Well, the Canon kit lens typically only costs around $100 if purchased with the camera, so you can probably easily get your money back when you decide to upgrade.  If the lens was being purchased separately at twice the price, though, I agree that it may not make sense. It may be better to keep the lens and bundle it for sale with the camera body if upgrading that in the future.

I sold my Sigma 17-70mm lens as part of a bundle with my old Rebel XT, and later sold the 70-300mm IS for $400 to a co-worker (probably could have got another $50 - $75 online, but this sale was hassle-free).

The advantage of starting with the inexpensive kit lens is a dSLR newcomer can learn the camera and which lenses he/she needs before spending a lot of money upfront and possibly buying the wrong lenses for his/her use. The disadvantage is many people will quickly outgrow the kit lens and want something else -- although when we travel I see a lot of dSLR users with the kit lens and their camera set to the automatic "green box" mode, because they have no idea how to use a real camera. For those people, the kit lens maybe all they will ever need.

 

Getting the 18-55 kit lens bundled in for $100 is fine -- you have to have some kind of lens to shoot afterall, and usually, a widezoom is a necessity for a starter.   I was refering to any additional lenses like the 55-250 IS, which is also a kit-level lens.  That to me doesn't make much sense to get unless you really don't think you'll ever want to upgrade, which is the case for most(?) casual users.  But if your intention is not to be just a typical casual user, then you're probably better off saving up for something much better instead while you work w/ that 18-55 (or anything else you might happen to already have).

I can't imagine the 55-250 IS would sell well in the used market.  And if the 70-200 f/4L IS is what you really want, there's not much point in getting the 70-300 IS first, IMHO -- just save up for the one you actually want.  However, I'd add that there may be some instances where overlap is fine, eg. owning both a 70-200 f/2.8L IS and some reasonably affordable primes for instance (or a lighter weight telezoom for when you really cannot lug the extra weight).  I just wouldn't recommend buying something knowing that you'll likely want to replace it w/ something better as soon as the funds become available.  If you think you'll end up wanting to keep and use both, that would be different.

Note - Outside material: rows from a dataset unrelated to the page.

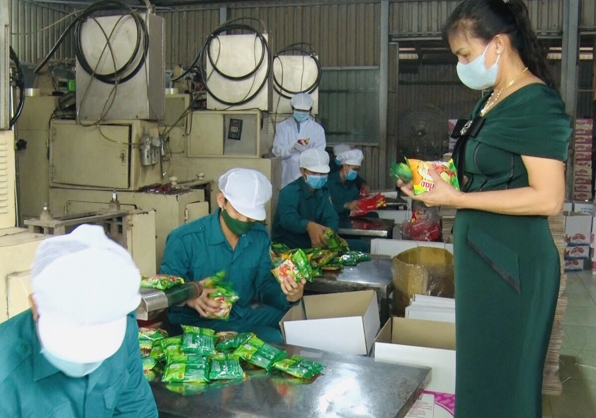 Giám đốc Lê Thị Tố Nga kiểm tra chất lượng sản phẩm tại nhà máy sản xuất mì ăn liền.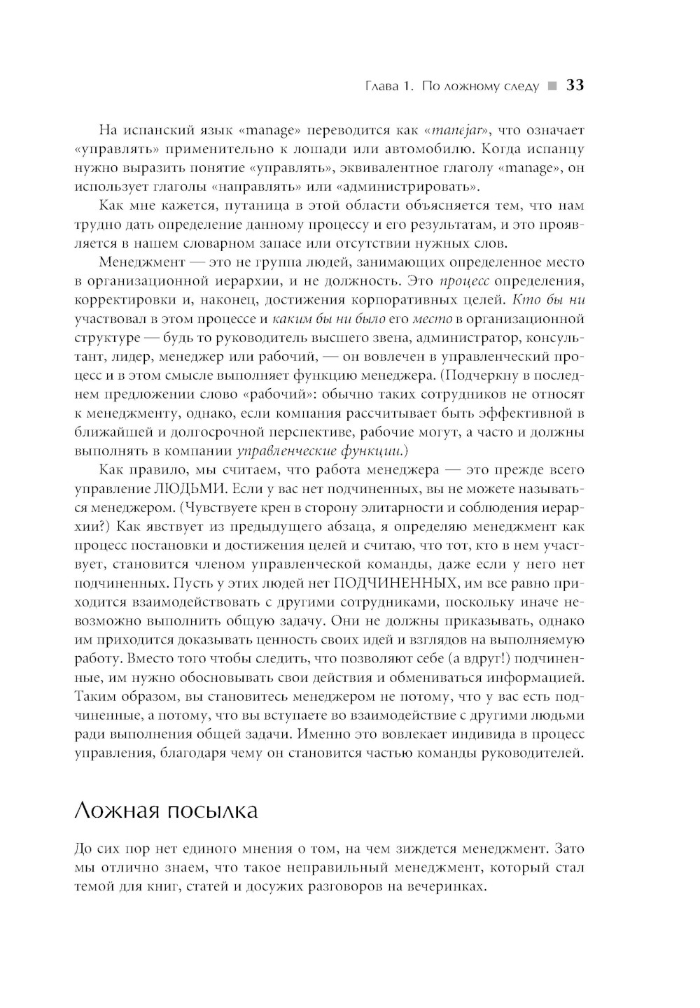 Книга известнейшего в мире специалиста по повышению эффективности организаций посвящена избитому, но в то же время вечно актуальному вопросу - как стать идеальным менеджером. Автор уверяет: идеальным быть попросту невозможно, но можно отшлифовать грани своей личной эффективности и быть эффективным в одной, максимум - в двух областях. Вы узнаете: - Как найти правильную мотивацию для подчиненных? - Какие условия нужны работнику, чтобы он научился ответственности? - Почему удовлетворение клиентов - это первостепенная задача каждого руководителя? - Как же подобрать взаимодополняющую команду? - Как верно извлекать выгоду из споров, которые неизбежны?| Издательство | Альпина Паблишер |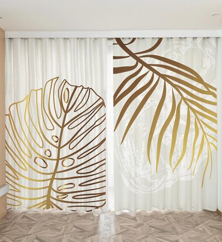 Nordic Ins Современные Простые Шторы Легкие Роскошные Персонализированные Золотые Фольгированные Шторы Для Гостиной Спальни Полувысоты Затемняющие Шторы 2 Шт. W55 X H120cm X 2Grommet Top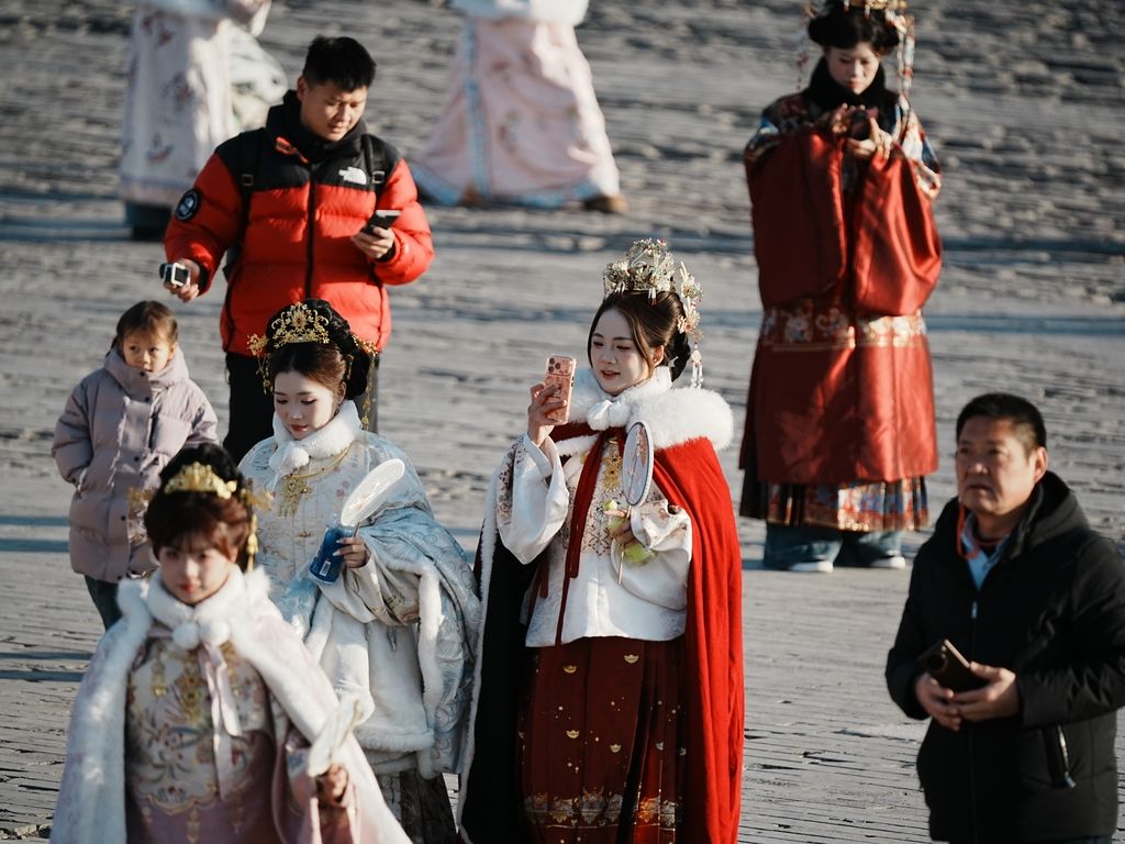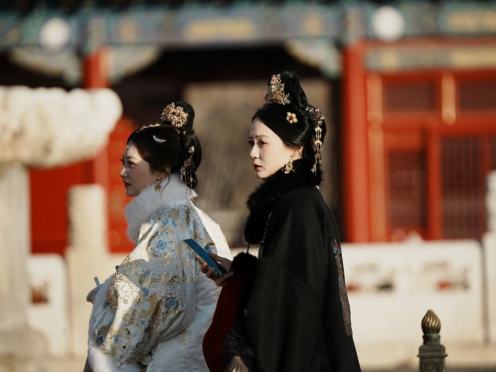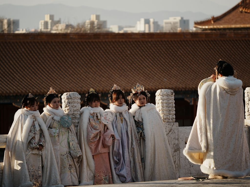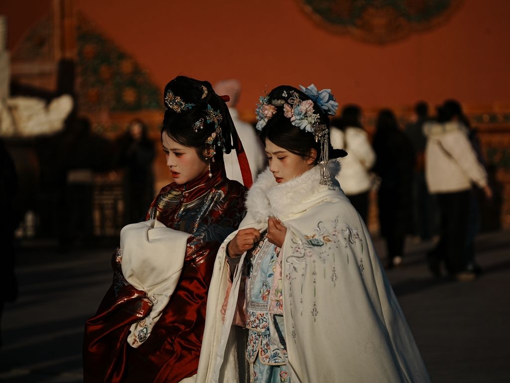 2026年1月8日,北京,游客身穿汉服游览故宫。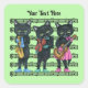 This square sticker has three black cats wearing pink, blue, and green bows and ties playing musical instruments including a violin, guitar, and saxophone standing on a sheet of black music notes on light green background.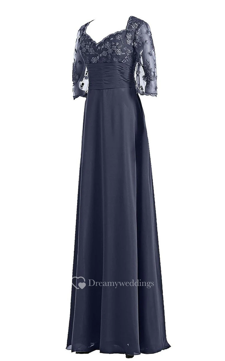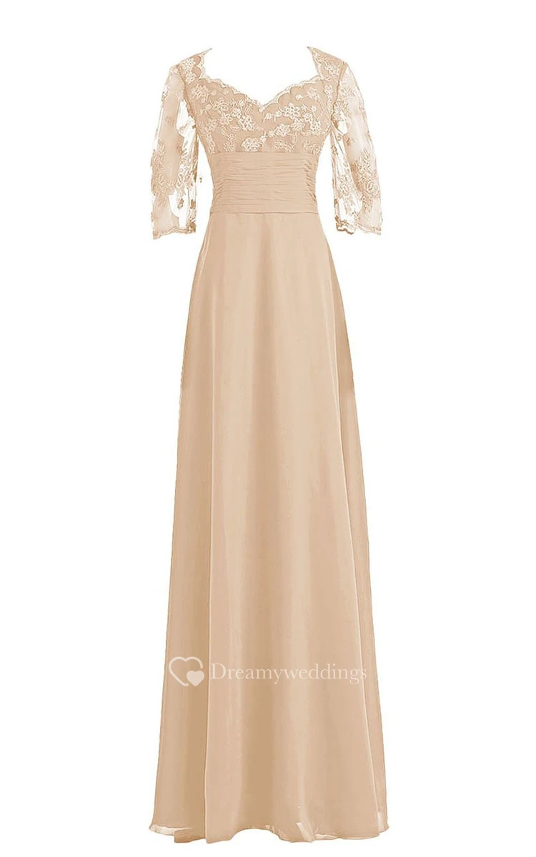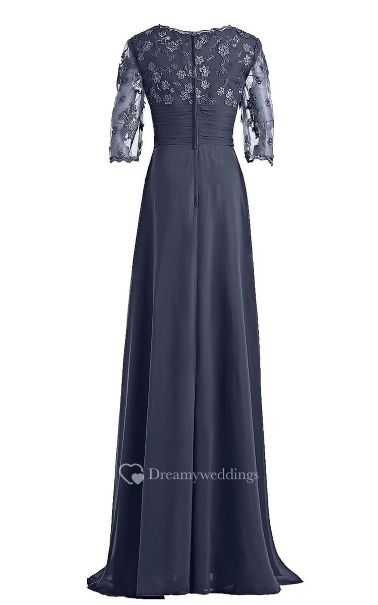 3-4 Lace Sleeve Full Length Gown With Ruched Waist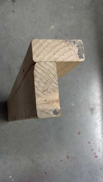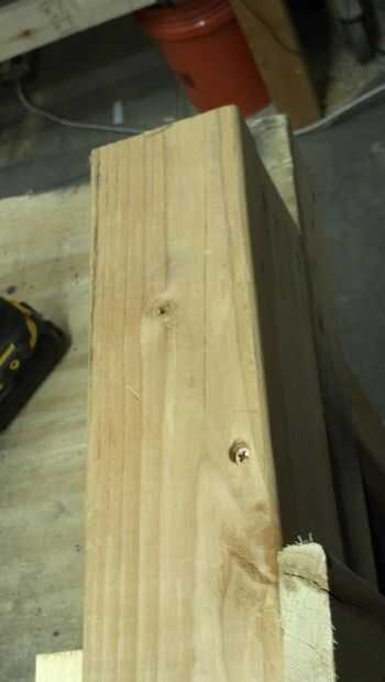 Una vez que los cortes, utilizando un par de abrazaderas de tipo C, sujete el lado corto de 1 1/2" de un tablero para la esquina del lado largo 3 1/2" (un estándar 2 x 4 es realmente de 1 1/2 x 3 1/2, o para ser más precisos 1.525 x 3.525), asegúrese de que Plaza los cabos.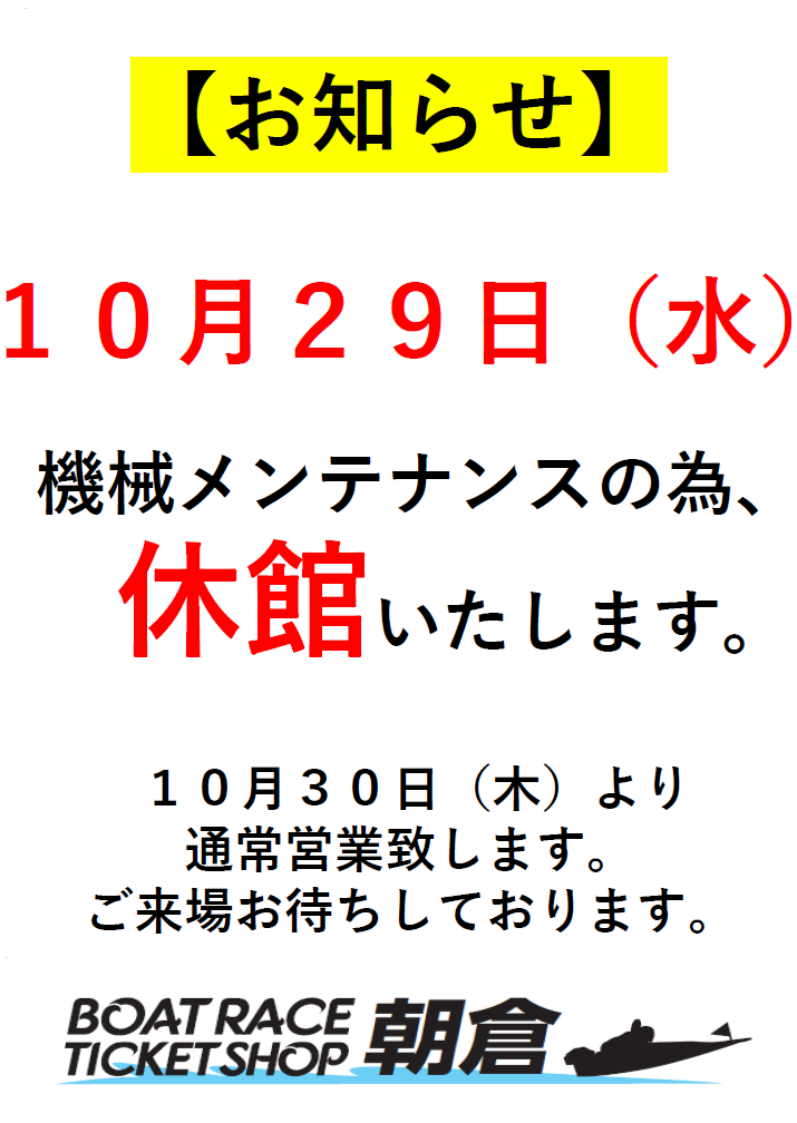 10月29日(水) 機械メンテナンスの為、休館いたします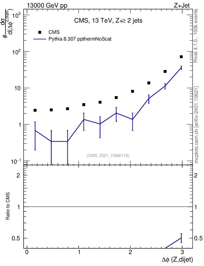 Lines: data, pythia8 8.307 ppthermNoScat |
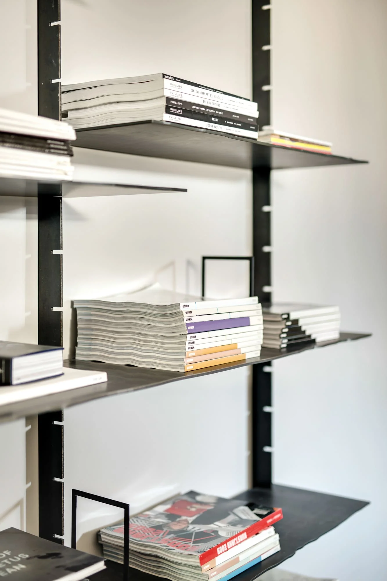 Architects used 6 mm steel sheets to manufacture book shelves which made the frame transparent and light. Console shelves for oversize materials keep the grand weight and strict horizont at the same time. In order to make the edge of the metallic construction original, it resembles the Dnipro river shoreline.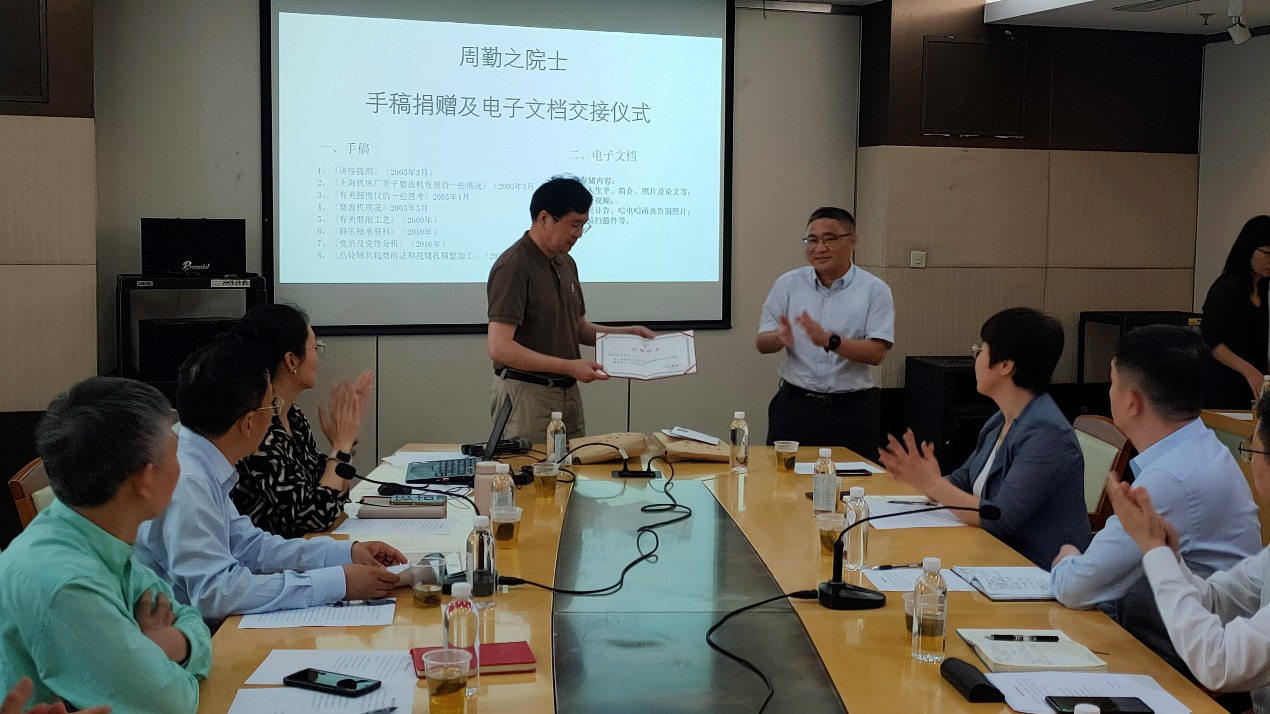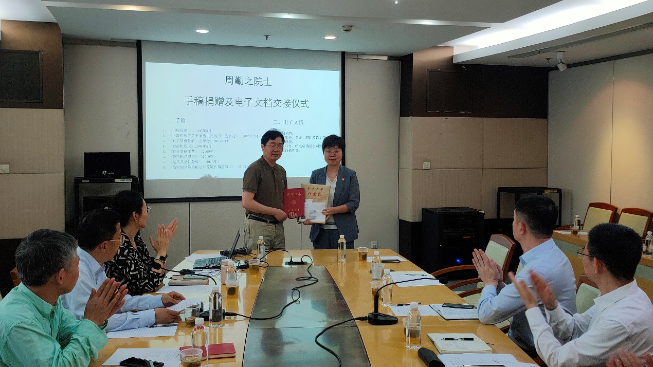 周勤之院士生前助理戴惠良副教授受周院士及其家人的委托,向William希尔官网入口档案馆捐赠周院士的手稿、书籍等资料。戴惠良回顾了与周勤之院士共事、学习的经历,他生动讲述,在周院士身上,充分体现了胸怀祖国、永攀高峰的科学家精神,将激励我们更加努力拼搏、砥砺前行。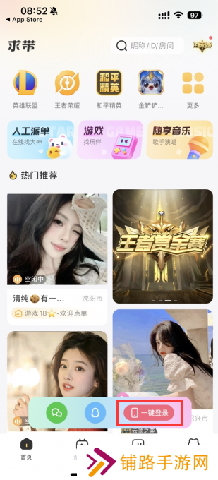 求带app介绍求带app是一款集游戏陪玩和聊天交友为一体的软件,它覆盖了众多热门游戏,如英雄联盟、绝地求生、王者荣耀等。这款app可以为用户提供全程连麦陪练游戏的服务,满足个人开黑上分的高需求。同时,根据个人的风格以及游戏技术,app会为用户匹配高颜值的游戏大神,让大神带你在游戏内肆虐他人,给你不一样的游戏体验。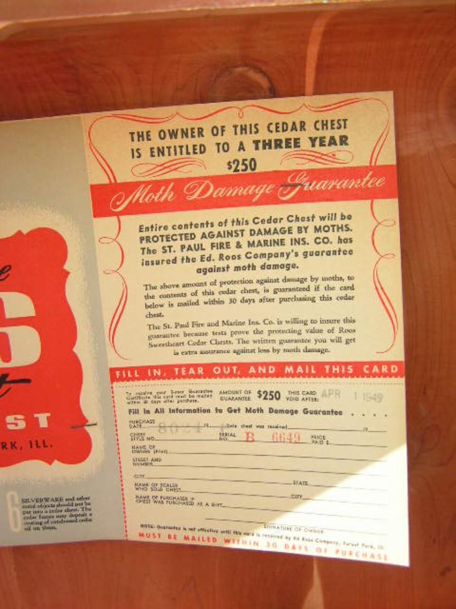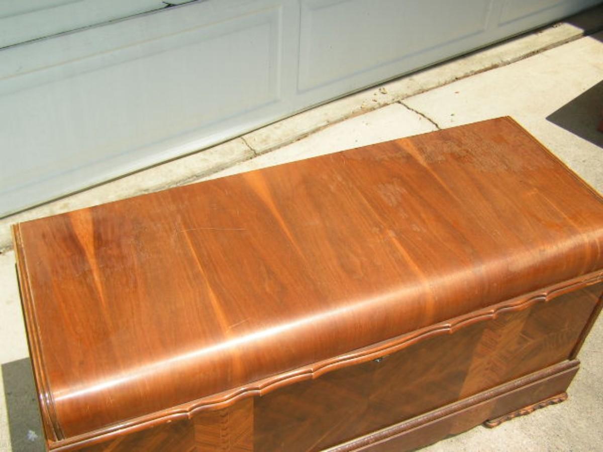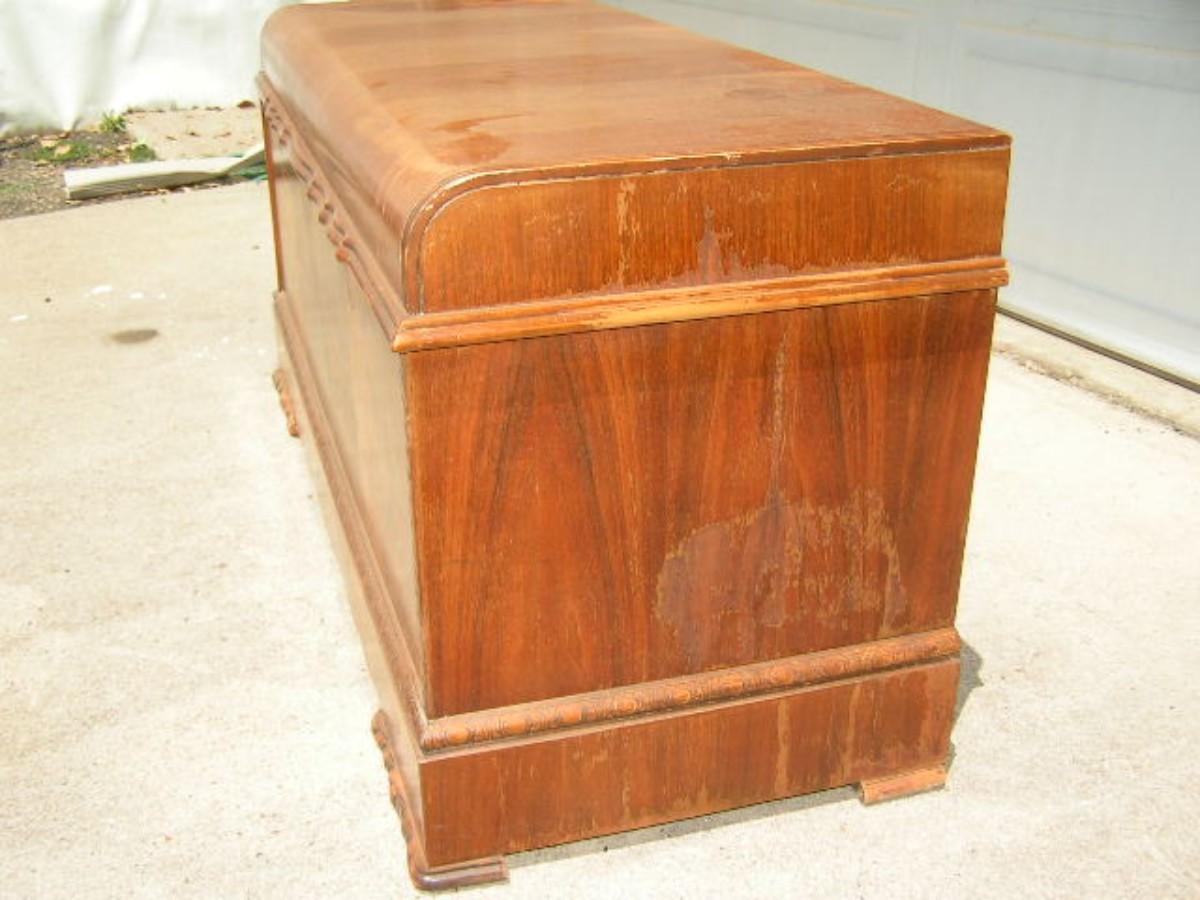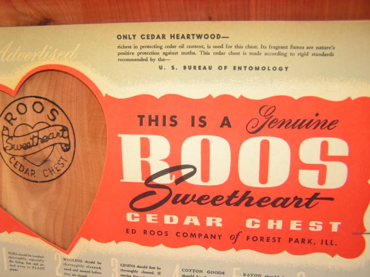 More furniture elsewhere in this sale. ROOS cedar chest. Vintage unknown. Beautiful intricately inlaid pattern front. Solid construction and still in physically stong condition. Finish is blemished for lack of love over the years, needs some TLC to get it back in shape. Lock has been drilled and needs replaced. ROOS was a premier manufacturer of cedar chests among other fine furniture from Chicago IL. About 48"x18"x23"tall

Also, although quality lenses can be resold w/out losing too much $$$ (at least for now), I don't think it's a great idea to depend on that too much when buying a brand new lens.

Quote:
Originally Posted by Patrick Sun View Post

Ye gads, I'm just sitting here waiting for tomorrow to show up since I got my tracking number!  My mind still reels at the cost of the long-reach telephoto lenses...
 

There are other options that may fit your budget better when you get to them.  I read/heard that the Tamron 200-500 is pretty good for ~$850 or so, but it lacks IS.  However, for the kind of uses one would want w/ such long teles, you're probably better off relying on some sort of pod (and good technique) instead of IS anyway.

http://www.bobatkins.com/photography/reviews/tamron_200_500b.html

If I ever get a long tele, I'd definitely consider getting that.  But honestly, if you're not planning to go birding or shooting whatever real wildlife (or shoot outdoor sports rather seriously ... or run some kind of covert operations  ), you're not likely gonna need such long lenses.  And don't forget, the better long teles are gonna be beasts to lug around too.  A good friend of mine has the Nikon 200-400VR, and that thing dwarves my Sigma 70-200 f/2.8, which itself is not exactly small-and-light.

Don't think just because you can shoot farther w/ a longer tele that you shouldn't rely on your feet more whenever possible (so you don't need the longer tele as much).

_Man_

Just another amateur learning to paint w/ "the light of the world".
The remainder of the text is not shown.